Peanut Butter: Health Food or Junk Food?

One of the most popular fitness foods there is. For whatever reason, we all love it. On oats, toast or in smoothies, this versatile food is a staple for many!

Unfortunately, nut butters are also incredibly calorie dense. Without being someone who is familiar with weighing/tracking food, it would be easy to misjudge a serving size and end the day way over your calorie allowance.

Health:

Many of the components of peanut butter are incredibly useful for an individual who regularly exercises, or anyone who wants to make better wholefood choices, and avoid reliance on supplements to meet their needs. Some of which, we will mention below:

Vitamins- High in vitamin E, an antioxidant which many of us don't get enough of from our food. Vitamin E helps to strengthen the immune system and protect us against free radicals in the atmosphere. Peanut butter is also high in B vitamins. Each vitamin has its own unique benefits, but generally they promote healthy metabolism and function of major organs.

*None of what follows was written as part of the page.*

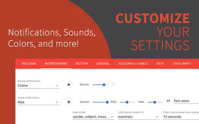 • 当收到新邮件时,获得桌面音效或语音通知。(您甚至可以录制自己的语音通知)
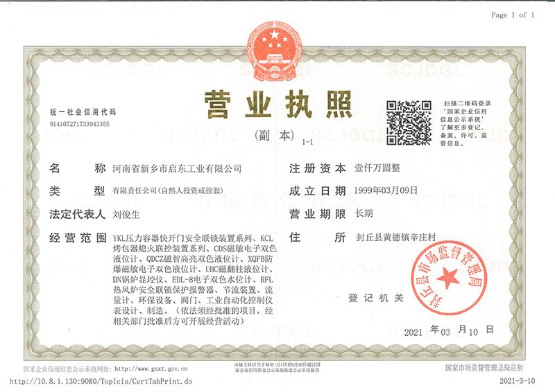 河南省新鄉(xiāng)市啟東工業(yè)有限公司始建于1987年,是專注研發(fā)、生產(chǎn)自動(dòng)化儀器儀表(主要與壓力容器、鍋爐等容器配套使用)的廠家。主要產(chǎn)品有液位計(jì)(磁敏雙色型、磁翻柱型等)系列、烤包器熄火聯(lián)控裝置系列、壓力容器快開門安全聯(lián)鎖保護(hù)裝置系列、鍋爐報(bào)警器系列。二十多年來,公司產(chǎn)品暢銷國內(nèi)并遠(yuǎn)銷俄羅斯、蒙古與東南亞,深得廣大用戶的信賴和好評(píng)。我們多年來致力于自動(dòng)化儀器儀表的研制生產(chǎn),公司現(xiàn)具有完善的生產(chǎn)、試驗(yàn)、檢測(cè)手段和設(shè)備??萍紕?chuàng)新、誠信服務(wù),是我們不變的經(jīng)營理念,我們將以強(qiáng)有力的技術(shù)支持及售后竭誠為客戶提供良好的服務(wù)?! ?012年我公司成功研發(fā)了KCL系列烤包器熄火聯(lián)控裝置,并于2013年2月2日榮獲中華人民共和國國家知識(shí)產(chǎn)權(quán)局辦法的《實(shí)用新型**證書》<**號(hào):2021202257735>該產(chǎn)品廣泛應(yīng)用于唐鋼等大型鋼鐵企業(yè),為烤包器安全作業(yè)提供了有力的保障?! ?002年我公司成功研發(fā)磁敏電子雙色液位計(jì)獨(dú)特的高亮度LED紅綠雙色顯示,獲得了專家的首肯和用戶的一致好評(píng)。在此基礎(chǔ)上我公司研發(fā)人員十年磨一劍,致力于XQFB-1防爆型磁敏雙色液位計(jì)的研發(fā),于2013年12月27日由國家防爆電器產(chǎn)品質(zhì)量監(jiān)督檢驗(yàn)中心檢驗(yàn)合格并頒發(fā)防爆合格證書<編號(hào):cnex19.0883>。該產(chǎn)品性能得到了充分的發(fā)揮,廣泛應(yīng)用于含有Ⅱ類A·B級(jí)T1-T4組可燃?xì)怏w或蒸汽與空氣混合形成的爆炸性混合物的0區(qū)、1區(qū)危險(xiǎn)場(chǎng)所。連接用戶DCS或PLC系統(tǒng)實(shí)現(xiàn)遠(yuǎn)距離集中顯示和控制,從而實(shí)現(xiàn)節(jié)能、數(shù)字化管理。為用戶增加了一定的經(jīng)濟(jì)效益和社會(huì)效益,。2014年公司成功申請(qǐng)了夢(mèng)潤儀表的logo,新的品牌新的形象,夢(mèng)潤儀表是啟東的LOGO, 歡迎新老用戶前來洽談合作?! ∥覀円蝗缂韧刈⒅乜蒲械耐度?,憑借產(chǎn)品的不斷更新、加大科技含量,進(jìn)一步拓展市場(chǎng)。我們相信品質(zhì)成就未來,以過硬質(zhì)量、優(yōu)惠價(jià)格、完善的售后服務(wù)熱忱歡迎廣大客戶來我司視察指導(dǎo)、洽談業(yè)務(wù);精誠合作,共創(chuàng)輝煌!

Minerals- Peanut butter contains high levels of various minerals, including magnesium. Magnesium, a key component of ZMA, is commonly supplemented by athletes for its part in muscle and nerve function and bone health. Other notable minerals include potassium, an electrolyte key to maintaining fluid balance in the body, copper, phosphorus and zinc.

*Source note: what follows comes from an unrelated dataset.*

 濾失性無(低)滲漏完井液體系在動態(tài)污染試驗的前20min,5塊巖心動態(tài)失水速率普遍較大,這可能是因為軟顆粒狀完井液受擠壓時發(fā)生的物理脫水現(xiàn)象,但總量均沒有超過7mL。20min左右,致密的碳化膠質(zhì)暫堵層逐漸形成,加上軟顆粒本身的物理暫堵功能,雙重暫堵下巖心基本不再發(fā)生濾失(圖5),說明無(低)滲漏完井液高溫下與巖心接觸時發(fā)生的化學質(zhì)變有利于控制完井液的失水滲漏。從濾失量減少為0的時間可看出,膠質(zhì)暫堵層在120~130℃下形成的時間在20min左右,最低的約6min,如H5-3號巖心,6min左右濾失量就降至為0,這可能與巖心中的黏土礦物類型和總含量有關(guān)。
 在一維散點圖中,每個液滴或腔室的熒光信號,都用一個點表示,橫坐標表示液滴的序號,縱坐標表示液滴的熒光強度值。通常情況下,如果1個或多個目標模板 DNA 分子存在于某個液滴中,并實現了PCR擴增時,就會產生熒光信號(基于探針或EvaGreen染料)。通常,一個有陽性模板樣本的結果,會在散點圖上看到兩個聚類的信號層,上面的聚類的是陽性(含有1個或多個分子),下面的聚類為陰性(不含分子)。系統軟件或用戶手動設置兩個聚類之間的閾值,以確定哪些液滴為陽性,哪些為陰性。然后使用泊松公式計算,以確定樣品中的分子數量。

'Good' Fats- Peanut butter comes under the bracket of 'monounsaturated fat'. Often considered 'healthy fats', monounsaturated fats include sources of omega 3 and 6 fatty acids. Key to bone health. Fats are important in the diet for absorption of fat soluble vitamins (A,D, E, K), satiety and hormone regulation. Nut butters are also often vegan (excluding those infused with whey), perfect for individuals who cannot meet fat requirements from dairy, meat or eggs!

Examples of monounsaturated fats

Junk?:

Not all peanut butters were created equal. Some cheaper, supermarket options are loaded with sugar, sodium and palm oil- an unsustainable vegetable oil which is not on a par with other oils such as coconut, macadamia or avocado.

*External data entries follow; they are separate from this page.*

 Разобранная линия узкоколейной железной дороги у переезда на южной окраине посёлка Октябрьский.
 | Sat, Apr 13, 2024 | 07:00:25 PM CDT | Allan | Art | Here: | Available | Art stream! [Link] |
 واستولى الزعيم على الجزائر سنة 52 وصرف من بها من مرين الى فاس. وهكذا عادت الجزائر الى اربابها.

If going for an unflavoured option, preferably choose a 100% peanut version such as Meridian. There will be some oil separation which but many prefer the runnier, meltier texture and natural taste!

As already mentioned, peanut butter is extremely calorie dense. If you weigh one food all day, make it your peanut butter! A small serving goes a long way on hot oatmeal, and you can always add other sweet additions such as berries for sweetness and volume.

Some of our other special flavoured peanut butters are a little lower in calories due to some of the fats being replaced with protein. Powdered peanut butter can be great for a low calorie version of the taste, but the healthy fat content is much less. This is where you need to weigh up what is more important- health benefits or macros? Explore our full range of options here.

Conclusion:

There are plenty of benefits to natural peanut butter, which we think make up for the calories! While we recommend eating any food in moderation, a serving or two of peanut butter a day certainly won't do any harm! We would also recommend getting your daily fats from a variety of sources. These might include; steak, salmon and/or high quality dark chocolate.